The idea then would be to detect and ignore
STR's creation, and advise the creation of "blah blah" by returning a string
different than the one created.
Such detection becomes even more vital when
one considers the following example:
String INPUT=new
BufferedReader(System.in).readLine();
if(!INPUT.equals("GOODINPUT"))
System.out.println("Your
input, "+INPUT+", was not GOODINPUT.");
In this case, we would need to advise the
creation of literals "GOODINPUT", "Your input," and ", was not GOODINPUT" but
*ignore* the creation of INPUT itself and any value it is assigned.
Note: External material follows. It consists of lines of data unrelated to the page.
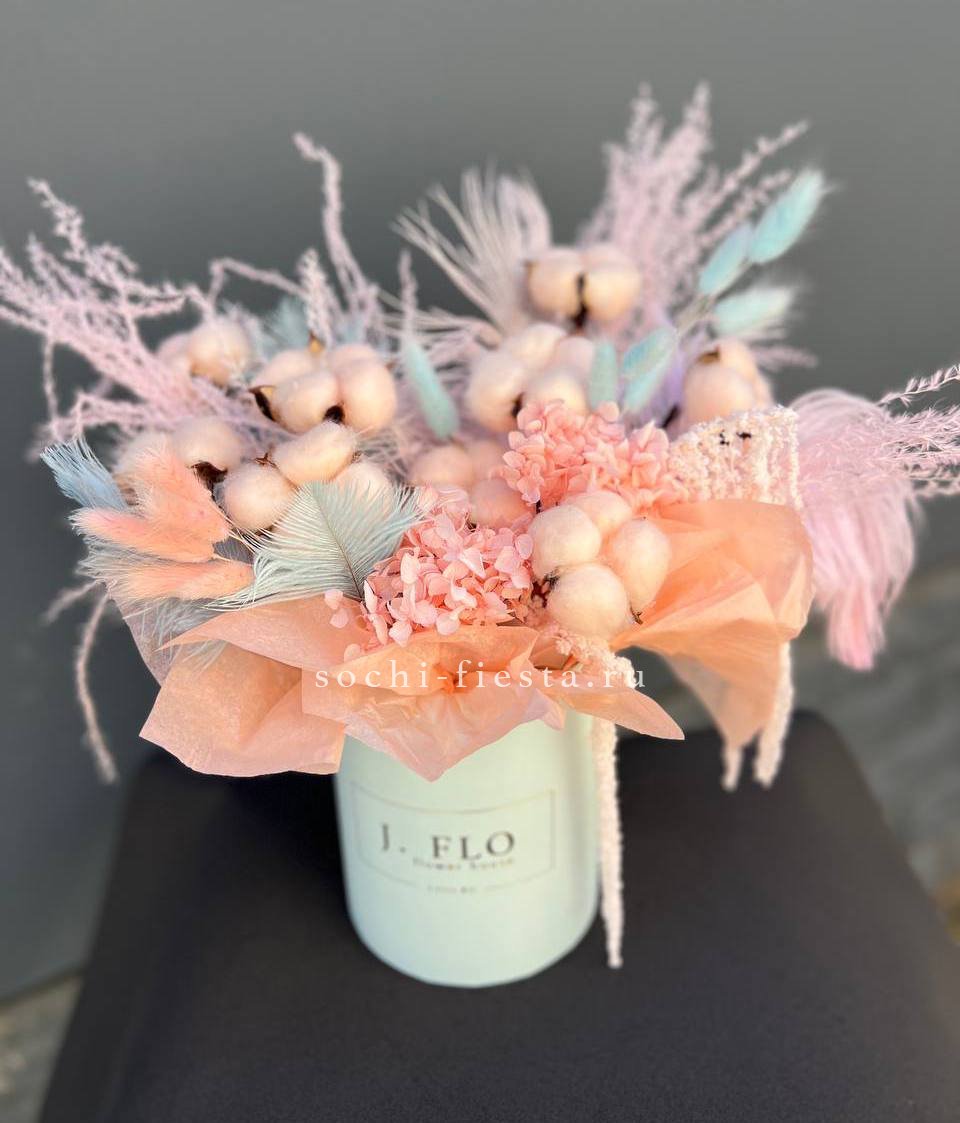 Семь белоснежных соцветий собраны в плотный объёмный силуэт. Гортензии Flakes создают ощущение летней свежести и спокойной гармонии. Монобукет для тех, кто ценит чистоту формы и природную красоту.
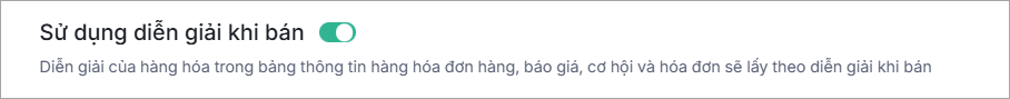 Khi Bật lựa chọn này, tại bảng thông tin hàng hóa của Đơn hàng, Báo giá, Cơ hội, Hóa đơn, khi chọn hàng hóa sẽ lấy thông tin Diễn giải khi bán vào trường Diễn giải của dòng hàng hóa.
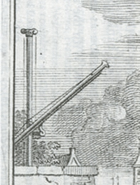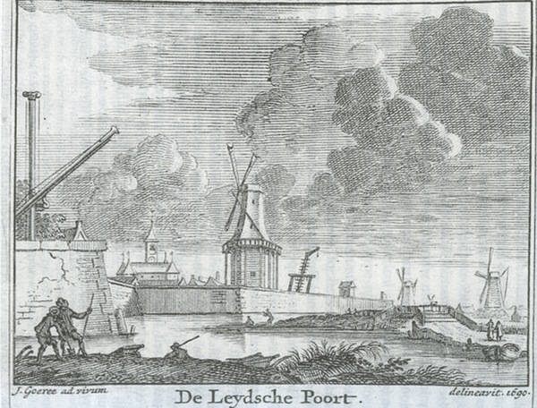 A view on Amsterdam's bastions near the Leiden gate. On the left the "bolwerk Oostdorp" is depicted, with the large Hartsoeker telescope at the edge of the view. Engraving states "J[an] Goeree ad vivum delineato 1690," but this date must be a misprint for 1698, the year in which Hartsoeker settled in Amsterdam. From p. 93 of Willink's Amsterdamsche buitensingel.
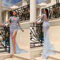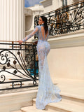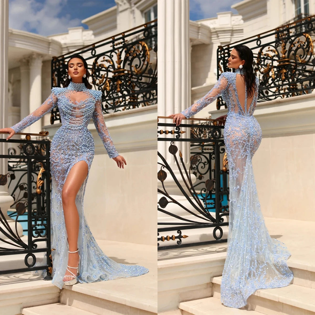 Elegante vestido de noche azul cielo de cuello alto con cuentas, corte A, abertura y cola larga para ocasiones formales.

This is also why it is insufficient to
advise System.out.println(String) calls -- since by the time it gets to that
point, the string has been mangled with the users INPUT, and is no longer in a
translatable state.
So that's the plan: what have I
tried?
1. I can advise StringBuffer calls, which
appear to occur when a String needs to manipulate itself by appending data and
the like.
2. I can advise System.out.println(..)
calls, for what good that's worth (NONE).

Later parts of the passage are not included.